Source: The Wenatchee World (WA), January 26, 2012
Posted on: http://envfpn.advisen.com
An old, buried landfill is hampering Wenatchee’s plans to sell its waterfront property.
The city had hoped to sell the approximately 3-acre site on Worthen Street near the eastern end of Riverwalk Crossing for $1.9 million. It is centrally located in an area that the city hopes will be redeveloped into a commercial and residential district.
But an environmental consultant hired to study the ground contamination has recommended that the city not sell about one-third of the site that sits over an old landfill.
Proceeds from the anticipated sale of the land were earmarked to help pay off short-term bonds used for construction of the city’s public works complex on McKittrick Street.
Steve King, director of public works engineering for the city, told city officials last week that they should consider either leasing the property or legally subdivide it and retain the roughly one-acre portion that’s over the landfill.

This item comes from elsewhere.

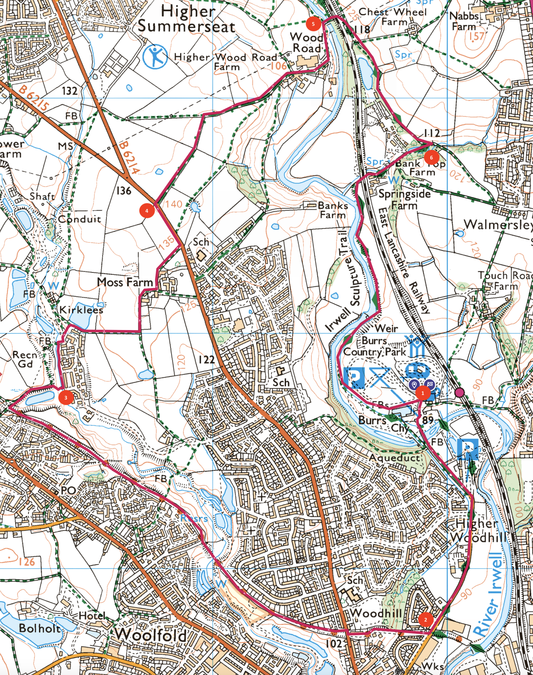 5. 6km – To continue, cross the bridge over the river and take steps up the steep banking to cross the East Lancashire Railway line and join the Irwell Sculpture Trail heading right. Continue right through the gate along the edge of woodland for 500m to reach the gate leading into a lane. Head sharp right down lane signposted Burrs Country Park.

He said the city will always retain liability for any damages that could stem from the old landfill, and the cost could be higher if someone buys and develops the land.

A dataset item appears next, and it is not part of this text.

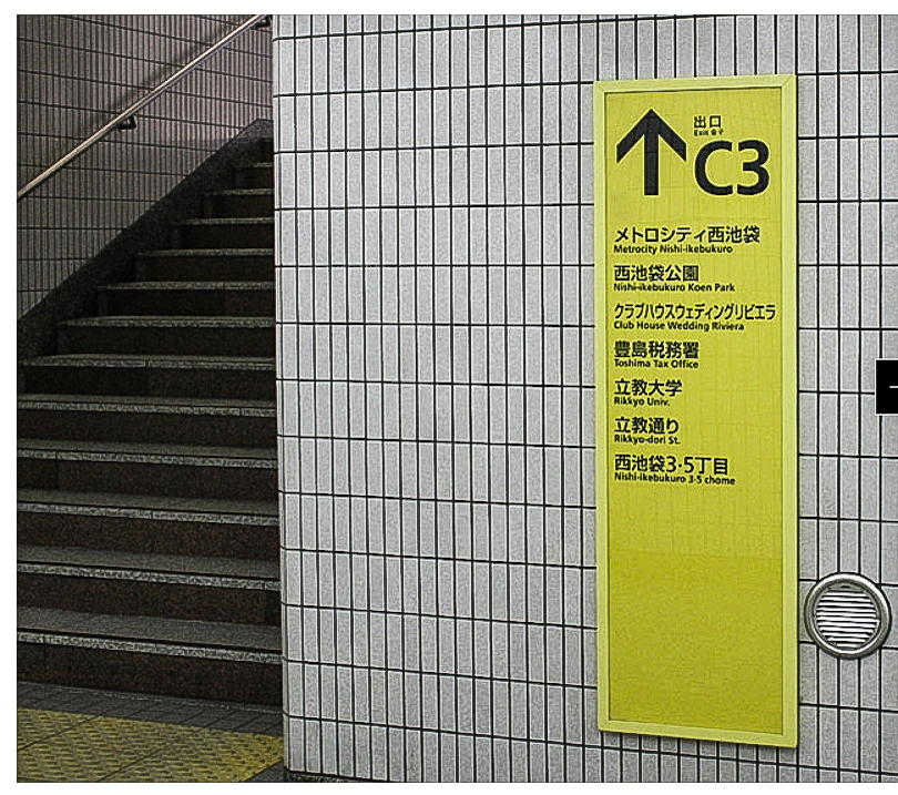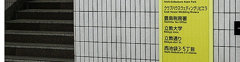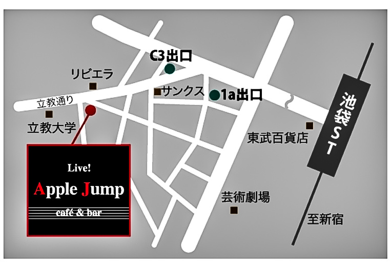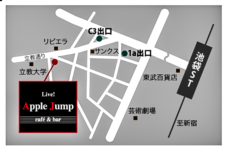 JR中央改札口を出て、地下街を東武百貨店のある西口方面へ向いますと、何度か、立教大学や地下鉄副都心線の看板が出てきます。それに沿って進みますと、立教通りに面する最寄のC3という出口に出ます。これを大学に向かって1分程歩くと、リビエラという大きな結婚式場がありまして、そのはす向かいのビルの地下となります。

“If we were to sell it and some day it was determined it was an environmental contamination site, we’d have to buy it back and tear out any improvements,” he said. “We don’t want to get ourselves in that position.”
The property sits directly north of the old Morse Steel warehouse, which is being proposed for a public market. The city’s public works operation was located there until it was moved to McKittrick Street to make way for waterfront development.
A year and a half ago, the city hired an environmental consultant to do drilling and use ground-penetrating radar to determine the size and extent of the landfill and to determine how much of the city site is suitable for development.
The consultant recommended that the city either lease the land or sell just the portion that isn’t over the landfill. King said the portion that doesn’t sit over the landfill could be used for just about anything. But the part that is over the landfill could be only used for parking or green space. That part of the property fronts Riverfront Park, while the non-landfill portion sits along Worthen Street.
The property has been listed for sale with Sage Real Estate, but the city has not received any offers on it, King said. He said that the real estate company has not been actively marketing the site because of the environmental studies being done.
The city is still working with the state Department of Ecology to determine what steps may need to be taken to monitor the old dump.
King said that while the city had hoped selling the site would pay down its debt, he said leasing it could achieve the same thing. If the city secured a long-term lease, it could sell bonds guaranteed by the lease proceeds and then use the bond proceeds to pay off the short-term bonds that expire in three years.